=== GIVEN INFORMATION ===
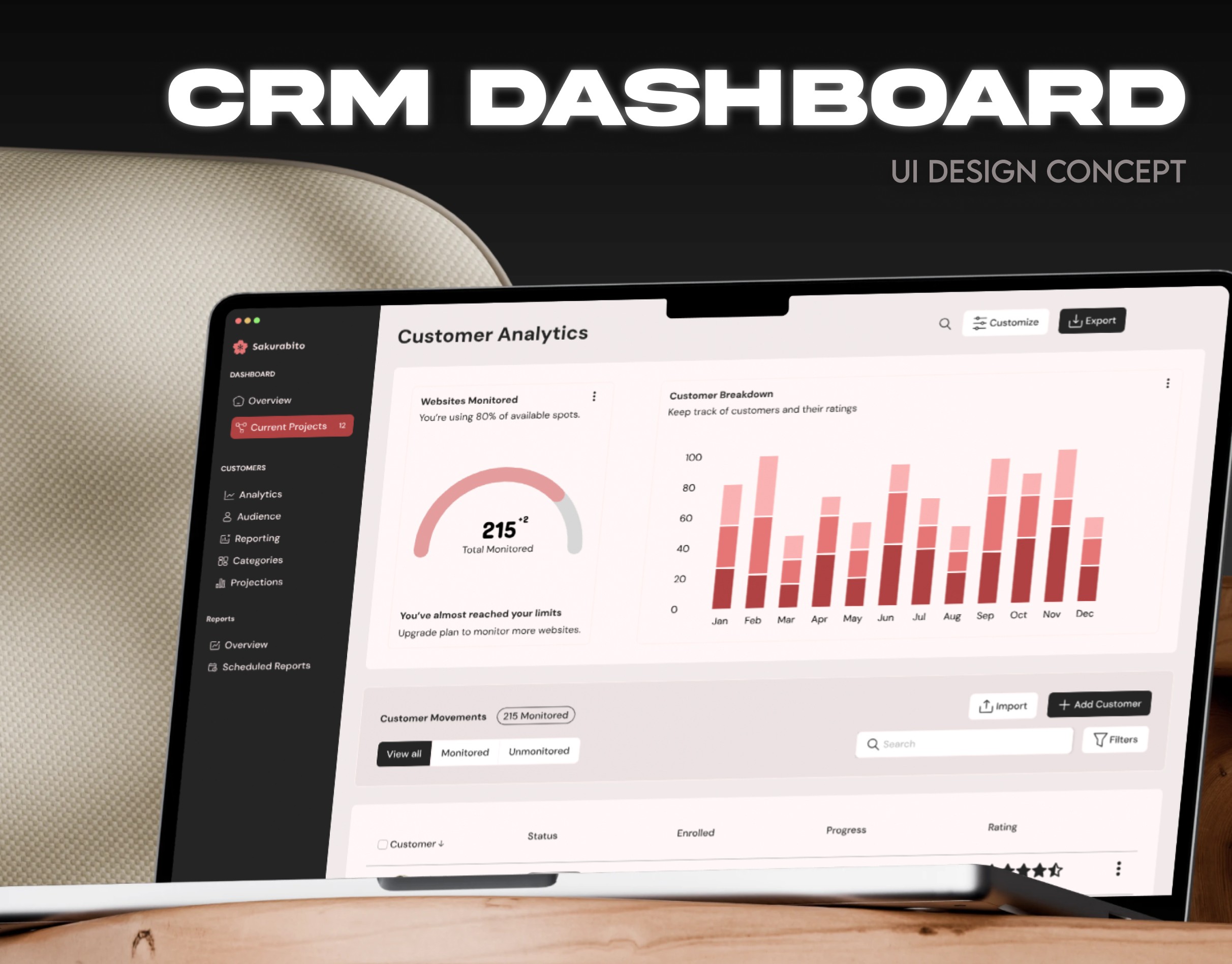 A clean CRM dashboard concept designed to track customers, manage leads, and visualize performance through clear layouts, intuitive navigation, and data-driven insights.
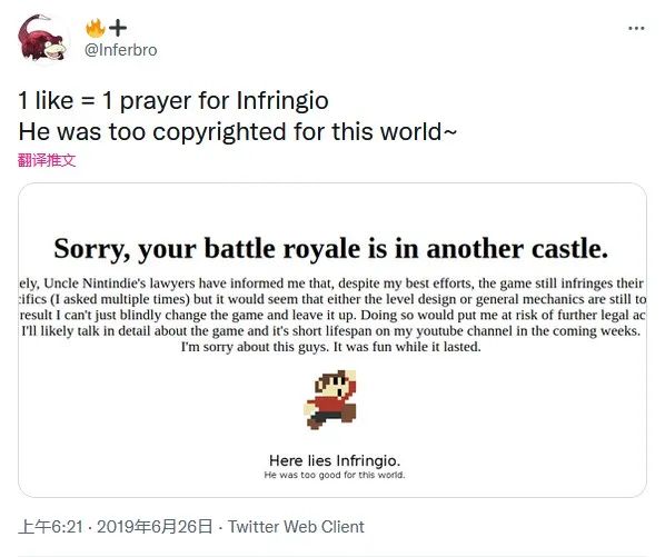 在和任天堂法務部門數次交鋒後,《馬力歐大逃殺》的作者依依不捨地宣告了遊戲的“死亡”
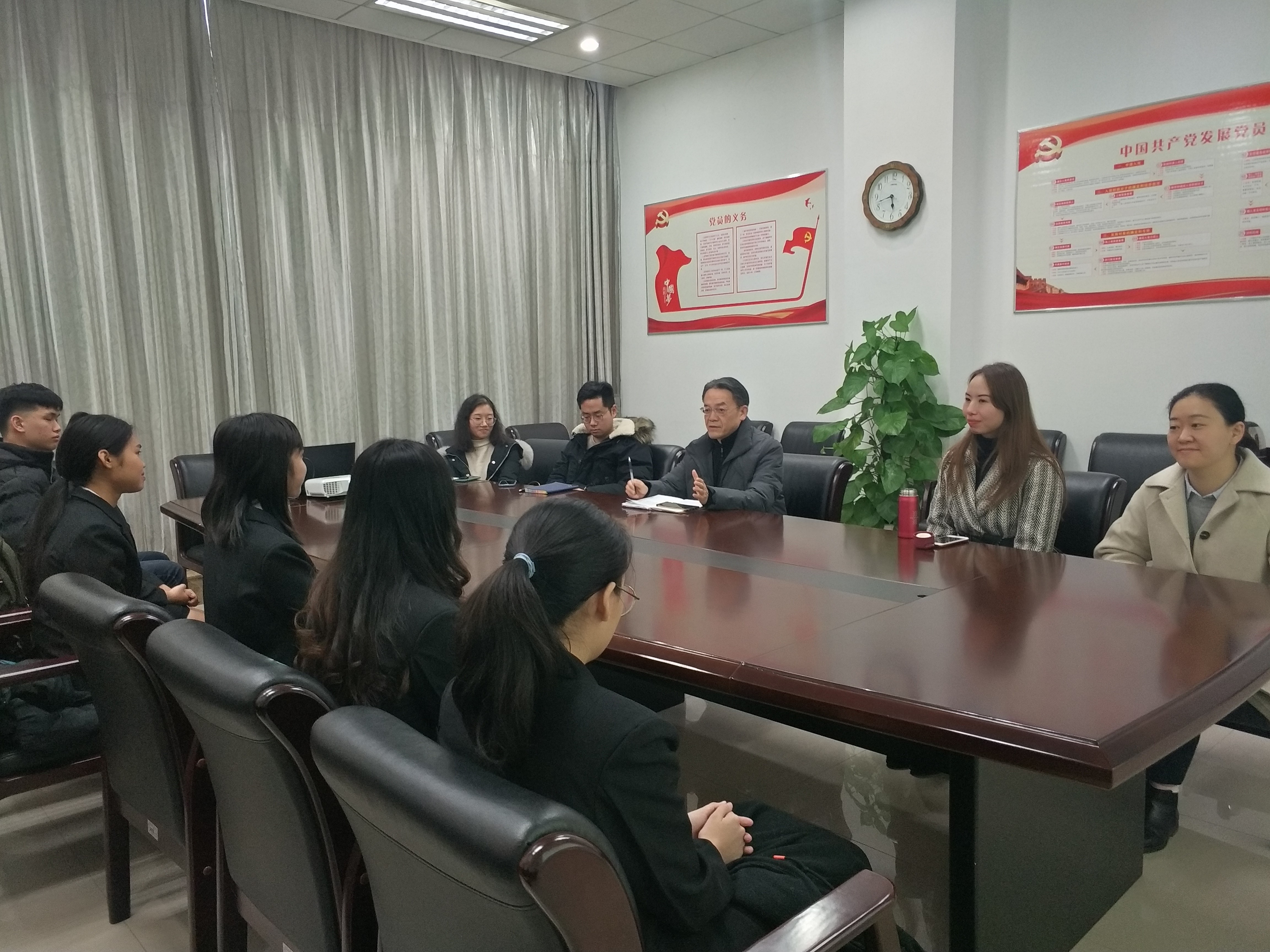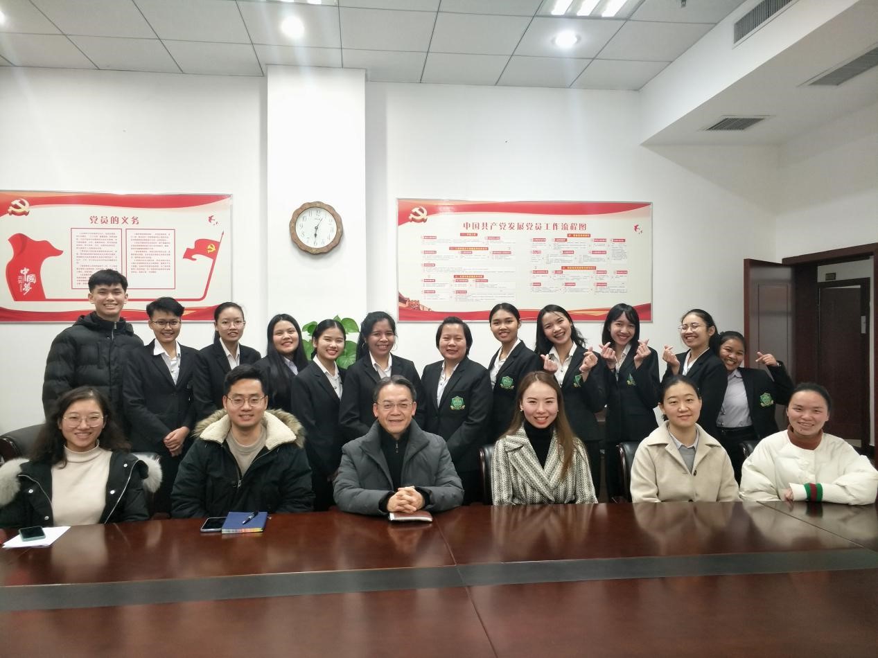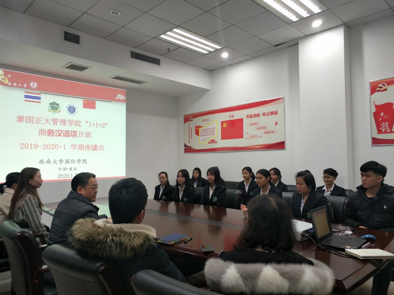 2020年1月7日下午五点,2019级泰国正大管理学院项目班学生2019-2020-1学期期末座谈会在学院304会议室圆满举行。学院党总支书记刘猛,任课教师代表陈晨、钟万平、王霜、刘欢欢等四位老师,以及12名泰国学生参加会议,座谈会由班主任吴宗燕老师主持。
===
#### EXERCISE DETAILS:
The expected answer is the lines from the one that has "在和任天堂法務部門數次交鋒後" to the end of the listing, transcribed exactly, with pictures left out and no other line added.

#### PROBLEM SOLUTION:
 在和任天堂法務部門數次交鋒後,《馬力歐大逃殺》的作者依依不捨地宣告了遊戲的“死亡”
 2020年1月7日下午五点,2019级泰国正大管理学院项目班学生2019-2020-1学期期末座谈会在学院304会议室圆满举行。学院党总支书记刘猛,任课教师代表陈晨、钟万平、王霜、刘欢欢等四位老师,以及12名泰国学生参加会议,座谈会由班主任吴宗燕老师主持。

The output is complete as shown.